Cancer survivor's art goes from despair to hope

Laura Marble May 16, 2007
Sometimes, feelings lie too deep for words.
When Janie Cohen underwent radiation for skin cancer, and when disappointing results led to other treatments, she dealt with her pain through art.
The 62-year-old Foothills resident is in remission, and a series of paintings from her journey through darkness — the “Renewal of Spirit” series — hang in the Arizona Cancer Center.
“I’m not good at sitting there and saying, ‘I feel sad, I feel depressed, I feel angry,’” Cohen said. “I don’t feel like saying it. It’s just easier on paper. I don’t feel like anybody’s going to argue with me. Canvas doesn’t argue.”
Cohen found out that she had cancer in 2003. The doctors had to take a piece of skin six inches in diameter from her thigh and graft it onto her head.
She endured radiation treatment, but the cancer returned. After 10 more removals of tiny cancerous spots and more radiation, the cancer still returned.
It was during a radiation treatment at University Medical Center that Cohen laid eyes on an advertisement for a healing arts class. Three decades earlier, she had written a book about using art as therapy for the developmentally disabled. She knew its benefits.
In a gentle environment with soothing music and inspiring stories, the longtime painter drew a mouthless self-portrait titled “No Voice.” Nobody had asked her if she wanted cancer. Nobody had given her a chance to turn down its disruption of her life. The portrait spoke more than words.
When the healing arts class ended, her feelings didn’t. So she continued one-on-one lessons with the instructor, often striking canvases as if they were punching bags.
“My goal was to just smear paint to get the frustration, anger and terror out,” Cohen said.
The results were dark.
“They were all the same,” Cohen said. “Invariably they would end up with streams of dripping paint down the left side of the canvas. I didn’t realize it when I did the first ones. I didn’t connect that my surgery was on the left side of my head.”
All the smearing and slapping helped Cohen at first, but as she worked through her grief at being sideswiped by disease, this style of painting began dragging her down.
“It hit me that my art had become extremely dark to the point that I had a couple of black canvases,” Cohen said. “I couldn’t bear to finish them. I put them aside.”
One day, she found a good price on canvasses, and she decided to buy a bunch and use them to create something uplifting.
“It hit me that this was a renewal of myself,” she said.

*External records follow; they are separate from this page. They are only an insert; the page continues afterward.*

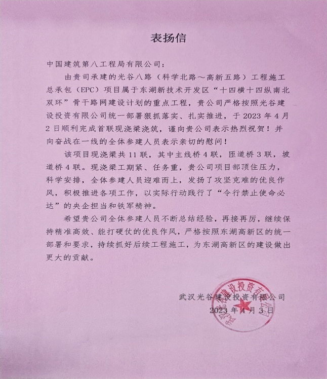近日,武漢光谷八路項目收到業(yè)主武漢光谷建設(shè)投資有限公司表揚(yáng)信一封。信中對項目順利完成首聯(lián)現(xiàn)澆澆筑表示祝賀,并向奮戰(zhàn)在一線的全體參建人員表示親切的慰問!
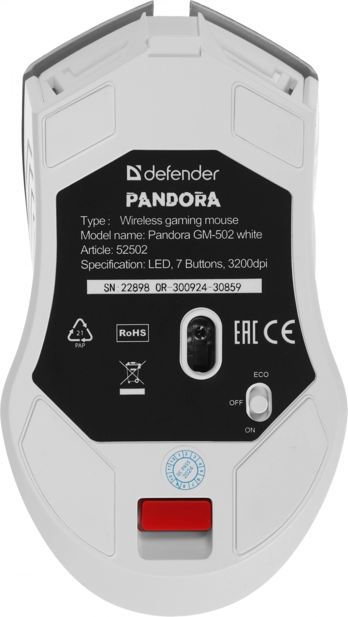 Мышь DEFENDER - Pandora GM-502, Беспроводная, 10 метров, USB, Optical, 1200 - 3200 dpi, 6 btns, gaming, цвет белый, 52502
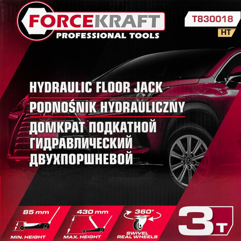 Хидравличният крик FORCEKRAFT FK-T830018 е висококачествен инструмент, създаден за професионално и ежедневно ползване. Той е идеален за автосервизи, магазини за гуми и домашни гаражи, като осигурява безопасно и ефективно повдигане на автомобили и тежки товари до 3 тона.
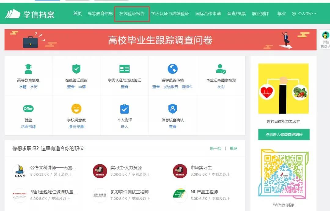 第二步,成功登錄后,點擊頂部菜單中的“在線驗證報告”欄目。

At about that time, Cohen and her husband set off for the M.D. Anderson Cancer Center in Houston in a last-resort effort to keep the cancer from metastasizing. The first treatment did no good. The next, biotherapy, helped.
In Houston, Cohen thought often about what would become her “Renewal of Spirit” painting series. Back in Arizona, she worked like mad to complete it.

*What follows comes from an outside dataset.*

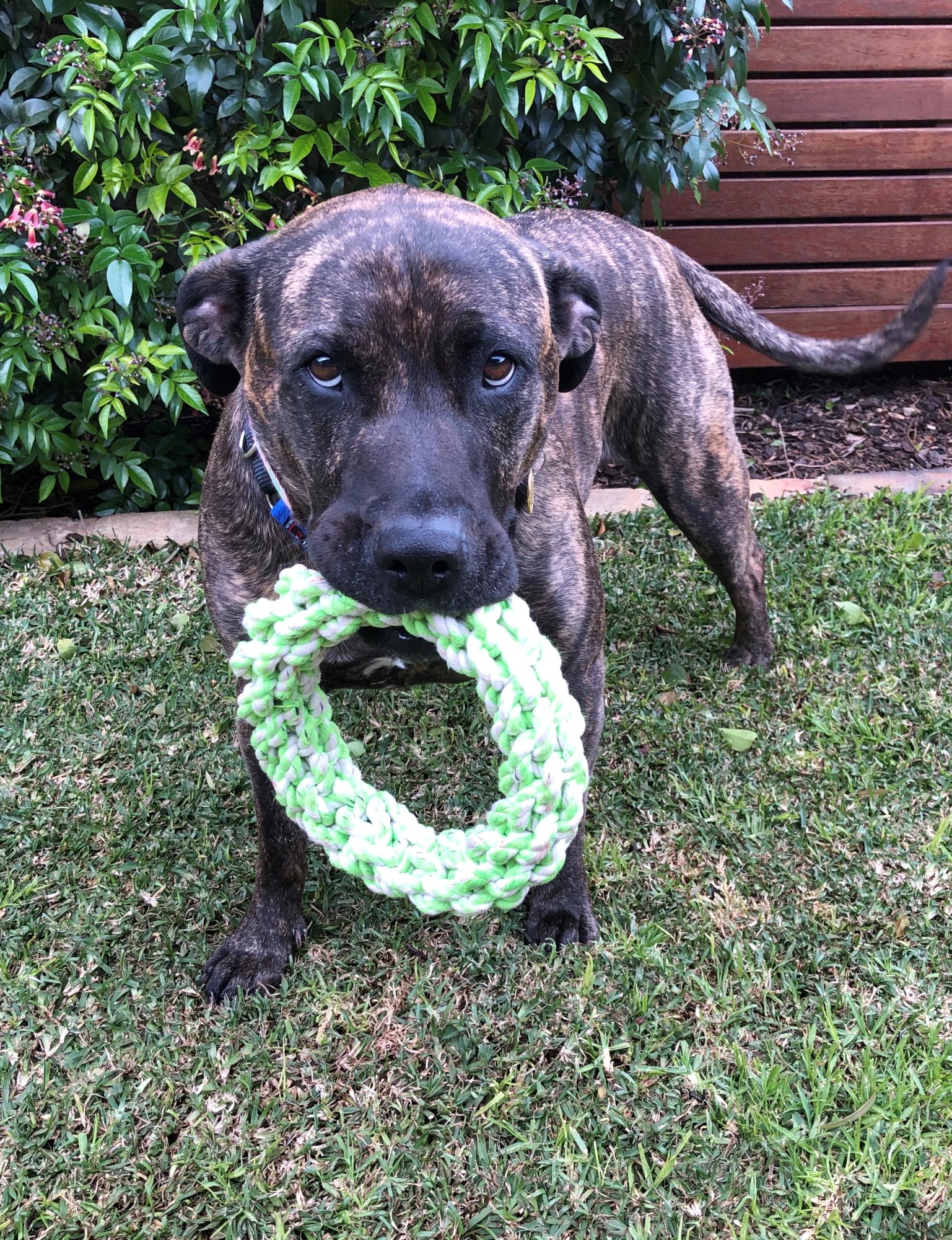 I enjoy going for walks and have great handler focus and walk calmly on a lead. I love rides in the car, swimming at the beach, playing with my toys, belly rubs and cuddles on the couch. Learning new tricks is not a problem for me as long as there is a treat in the offering.

“I quit doing the dark works that represented death to me and started doing trees that represent life,” she said.
The canvasses stand at 2 square feet and have swirling backgrounds evocative of the cosmos. Each contains two small squares that contain trees and cacti. Some stand barren, some have leaves, some have thorns. All are imperfect. All represent life.

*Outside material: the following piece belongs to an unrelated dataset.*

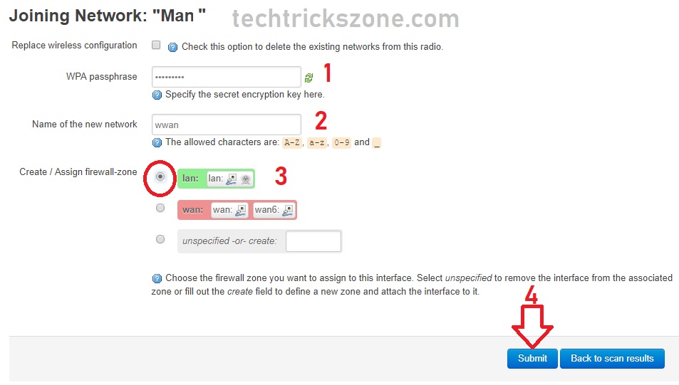 In the next steps, you need to type the Wireless password you configure in Access point mode.

“It’s true, if you look at a straight branch, it’s not nearly as interesting as a curly one,” Cohen said.
As Cohen worked on the series and, thus, on her grief, she found herself choosing brighter colors for each successive painting. But she never kicked her urge to give each a bit of discordant blue.
“You can say it represents the imperfection — that nothing’s perfect,” Cohen said. “But I didn’t set out to do anything. It was there, and I thought, ‘I guess I’m not totally at peace, yet.’”
Nine months in remission, now, Cohen talks about the insights she has gained from struggling with cancer.
A plaque under her paintings reads, “It doesn’t matter whether the tree is crooked, bent, verdant, or barren. It doesn’t matter if the tree blooms softly or is rigid and hard. It does matter that the tree of life speaks to us. Listen.”
Likely, some people who walk through the Arizona Cancer Center will pause and hear.